Viewing a single comment thread. View all comments

BasilLimade t1_j6ykjaz wrote

I'm looking at making a docker image to host on AWS ECR, to contain some python code and dependencies (over 250MB of dependencies, so I can't just zip up my modules as a lambda "layer"). How does this compare to making my own docker lambda image?

4

seattleite849 OP t1_j6yt8w2 wrote

How are you wanting to trigger your function?

Also, here are some examples you can peek at: https://docs.cakework.com/examples

Under the hood, both Lambda and cakework are deploying Docker containers as microVMs running on bare metal instances. A few key differences:

- Lambda is a building block vs cakework is a custom, point solution for running async tasks. Meaning with Lambda, you will want to wire together other cloud resources to make it an application you can hit.

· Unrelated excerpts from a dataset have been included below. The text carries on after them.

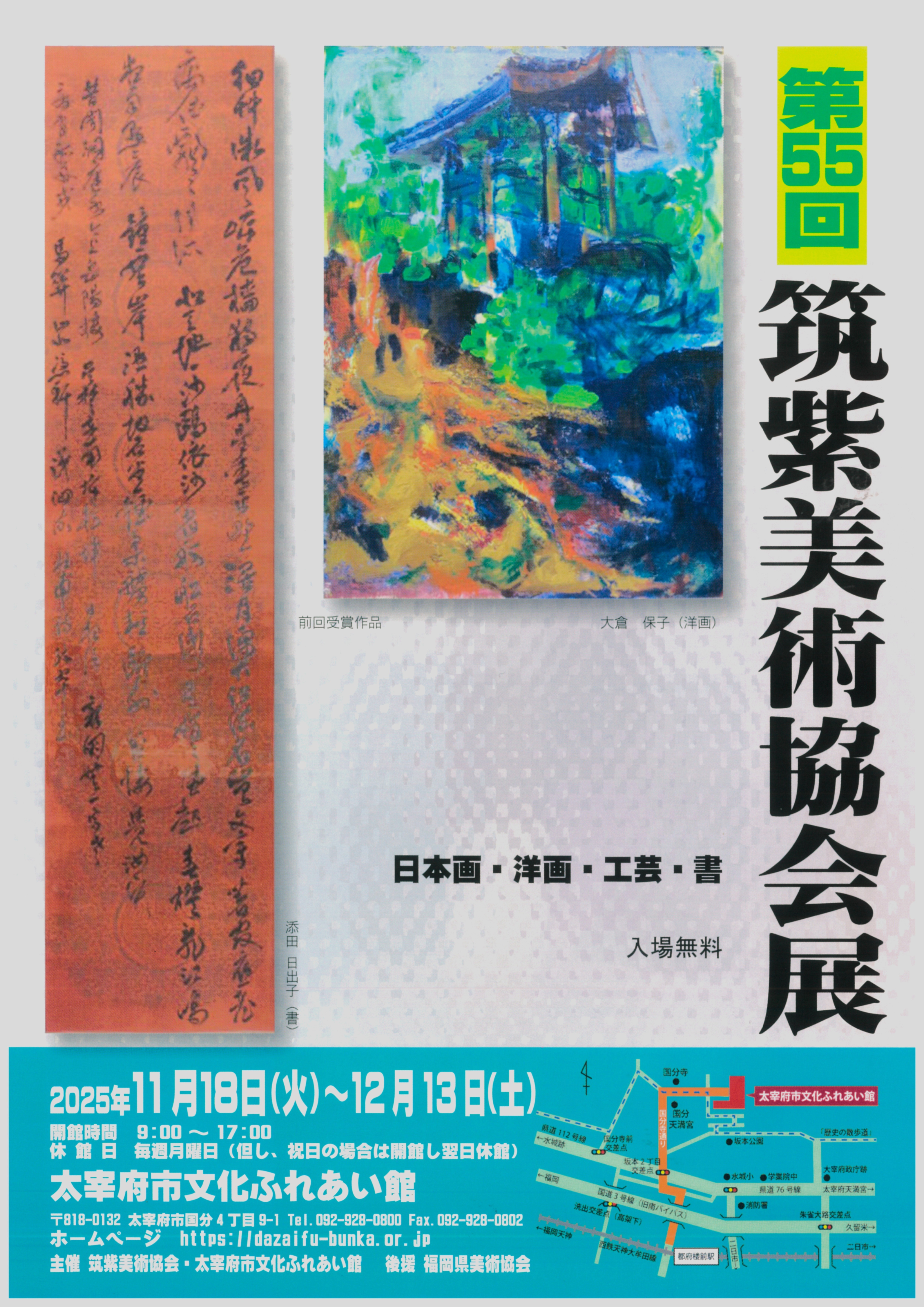 筑紫美術協会の会員による、日本画・洋画・工芸・書の4部門の作品展です。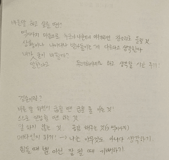 항상 생각과 말을 조심하며 공감과 인정 그리고 표현을 많이 할 수 있도록 해야겠습니다.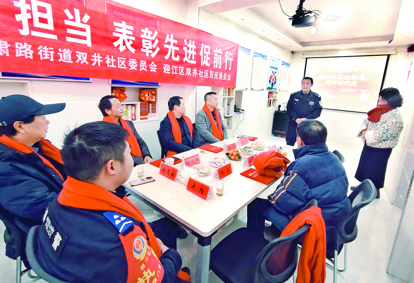 1月13日下午,安庆市迎江区双井社区党群服务中心举行表彰活动,对去年基层建设中涌现的优秀网格员、志愿者及平安守护者予以表彰。此次活动既是对先进典型的肯定激励,更是凝聚人心的新起点。该社区将继续坚持 “党建引领、多元共治”,完善基层治理体系,发挥典型示范作用,推动社区治理服务再上新台阶。(通讯员 黄有安 徐永 摄)

This mix of code and infrastructure makes iterating quickly on your actual logic slow, in my experience, since you need to:

- Trigger the function (either exposing it via API Gateway if you'd like to invoke it using a REST call), or by hooking it up to an event (S3 PutObject, database update event).

- To hook up your function to other functions (for example, if you want to upload the final artifact to S3), you'll set up SQS queues. If you want to chain functions together, you'll set up Step Functions

- To track failures, store input/output params and results, and easily view logs, you would set up a database and write some scripts to trace the request via Cloudwatch logs.

- With Lambda, you manage creating and building the container yourself, as well as updating the Lambda function code. There are tools out there such as sst or serverless.com which help streamline this.

- With Cakework, you write your Python functions as plain code, then run a single command via the Cakework CLI to run `cakework deploy` which deploys your functions, exposes a public endpoint you can hit (either via REST calls, a Python SDK, or Javascript/Typescript SDK). The nice thing is you can directly test invoking your function as if it were code running on your local machine.

- No limits on the docker image size and no limit on how long your job can run for (vs 10 GB and 15 minute timeout for Lambda)

- You also specify CPU and memory parameters per request! So that you don't need to spin up a bigger instance than you actually need and pay that extra cost. Or provision not enough CPU or memory and 1) deal with failures, then 2) re-deploy your lambda with more compute.

3